Your output must be the lines below from the line containing "Select the lentils" to the line containing "Quạt Heo Có", both lines included, reproduced exactly and without pictures.

◆ Data section
= = =

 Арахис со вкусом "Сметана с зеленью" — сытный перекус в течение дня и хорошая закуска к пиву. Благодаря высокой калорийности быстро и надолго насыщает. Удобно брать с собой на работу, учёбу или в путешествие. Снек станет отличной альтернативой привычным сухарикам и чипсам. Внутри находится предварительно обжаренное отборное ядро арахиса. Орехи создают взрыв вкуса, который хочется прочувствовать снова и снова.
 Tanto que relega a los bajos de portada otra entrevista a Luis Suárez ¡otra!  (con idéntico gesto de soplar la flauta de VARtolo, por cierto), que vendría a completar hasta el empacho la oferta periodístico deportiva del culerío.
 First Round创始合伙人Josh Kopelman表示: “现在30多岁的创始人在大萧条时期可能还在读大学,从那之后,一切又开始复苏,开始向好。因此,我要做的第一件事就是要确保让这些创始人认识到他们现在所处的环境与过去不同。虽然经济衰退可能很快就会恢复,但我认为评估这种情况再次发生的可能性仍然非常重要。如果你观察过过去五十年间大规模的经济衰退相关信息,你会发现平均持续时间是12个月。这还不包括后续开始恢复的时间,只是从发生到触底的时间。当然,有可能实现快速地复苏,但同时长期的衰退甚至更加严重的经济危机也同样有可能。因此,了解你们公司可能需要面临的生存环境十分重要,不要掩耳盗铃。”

= = =

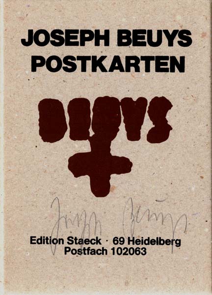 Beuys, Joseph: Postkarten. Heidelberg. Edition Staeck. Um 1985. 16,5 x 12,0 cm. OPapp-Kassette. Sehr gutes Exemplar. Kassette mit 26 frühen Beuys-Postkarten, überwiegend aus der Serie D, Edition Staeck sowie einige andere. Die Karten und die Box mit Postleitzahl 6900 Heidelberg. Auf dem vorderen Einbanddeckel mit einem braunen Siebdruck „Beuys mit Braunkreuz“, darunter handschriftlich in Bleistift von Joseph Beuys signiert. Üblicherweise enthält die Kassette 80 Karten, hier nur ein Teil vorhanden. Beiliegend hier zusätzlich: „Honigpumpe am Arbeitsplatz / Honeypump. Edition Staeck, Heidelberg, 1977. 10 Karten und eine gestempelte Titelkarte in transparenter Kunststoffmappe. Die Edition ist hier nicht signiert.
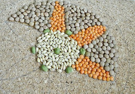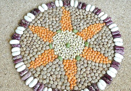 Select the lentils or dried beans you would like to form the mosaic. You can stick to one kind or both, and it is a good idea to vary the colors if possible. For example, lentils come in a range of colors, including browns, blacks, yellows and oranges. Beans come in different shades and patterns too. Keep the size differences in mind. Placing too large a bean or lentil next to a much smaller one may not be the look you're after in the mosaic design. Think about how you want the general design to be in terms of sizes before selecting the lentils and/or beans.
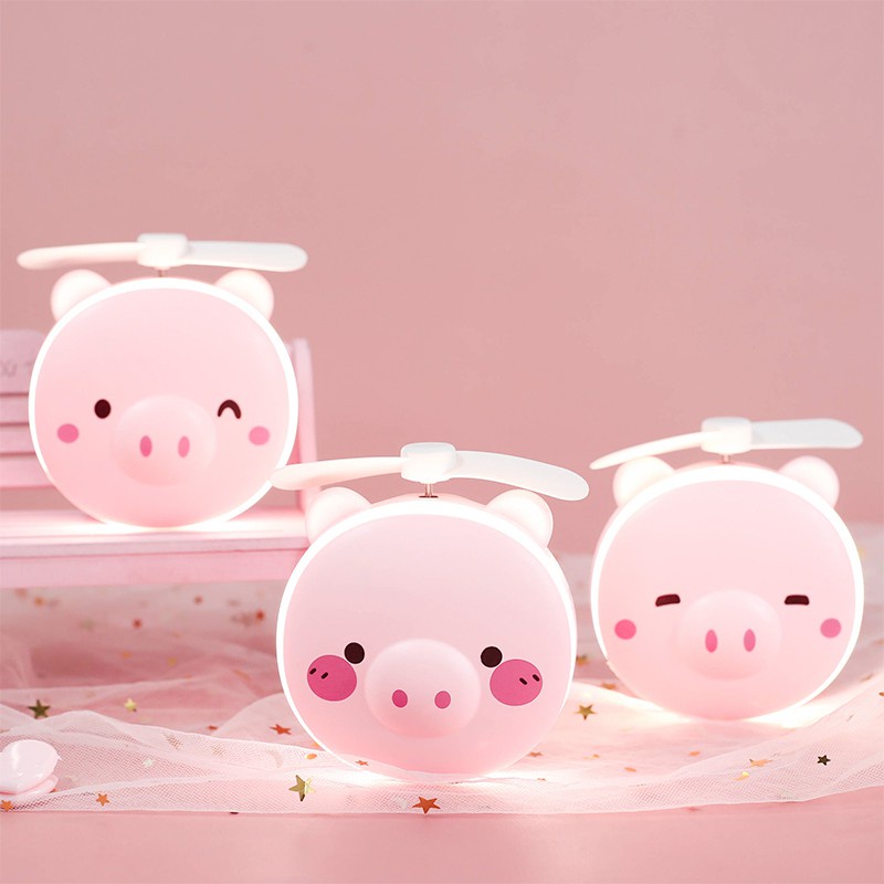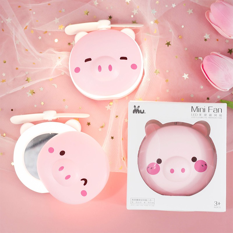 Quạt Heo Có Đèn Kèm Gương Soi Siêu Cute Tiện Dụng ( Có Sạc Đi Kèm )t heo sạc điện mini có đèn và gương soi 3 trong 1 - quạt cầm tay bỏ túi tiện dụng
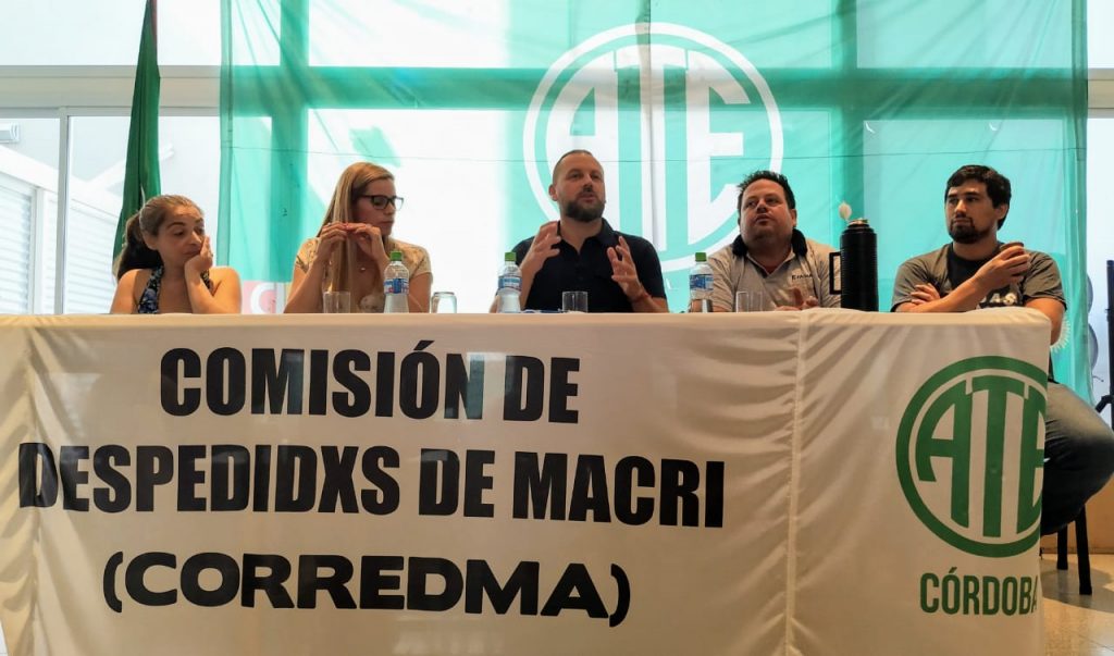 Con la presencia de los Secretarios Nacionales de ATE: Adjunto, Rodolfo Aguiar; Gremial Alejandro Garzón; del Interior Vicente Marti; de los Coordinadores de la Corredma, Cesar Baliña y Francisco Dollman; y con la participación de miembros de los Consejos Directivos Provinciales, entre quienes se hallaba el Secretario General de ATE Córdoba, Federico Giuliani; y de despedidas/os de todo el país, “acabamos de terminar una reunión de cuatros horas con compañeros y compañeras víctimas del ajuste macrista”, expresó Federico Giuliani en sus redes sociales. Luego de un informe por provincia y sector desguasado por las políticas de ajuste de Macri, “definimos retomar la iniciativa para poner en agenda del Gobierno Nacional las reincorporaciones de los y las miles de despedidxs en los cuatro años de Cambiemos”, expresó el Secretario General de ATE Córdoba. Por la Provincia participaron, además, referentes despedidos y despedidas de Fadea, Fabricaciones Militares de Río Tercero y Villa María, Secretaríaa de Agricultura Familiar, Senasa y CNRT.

= = =

◆ Result for this exercise
 Select the lentils or dried beans you would like to form the mosaic. You can stick to one kind or both, and it is a good idea to vary the colors if possible. For example, lentils come in a range of colors, including browns, blacks, yellows and oranges. Beans come in different shades and patterns too. Keep the size differences in mind. Placing too large a bean or lentil next to a much smaller one may not be the look you're after in the mosaic design. Think about how you want the general design to be in terms of sizes before selecting the lentils and/or beans.
 Quạt Heo Có Đèn Kèm Gương Soi Siêu Cute Tiện Dụng ( Có Sạc Đi Kèm )t heo sạc điện mini có đèn và gương soi 3 trong 1 - quạt cầm tay bỏ túi tiện dụng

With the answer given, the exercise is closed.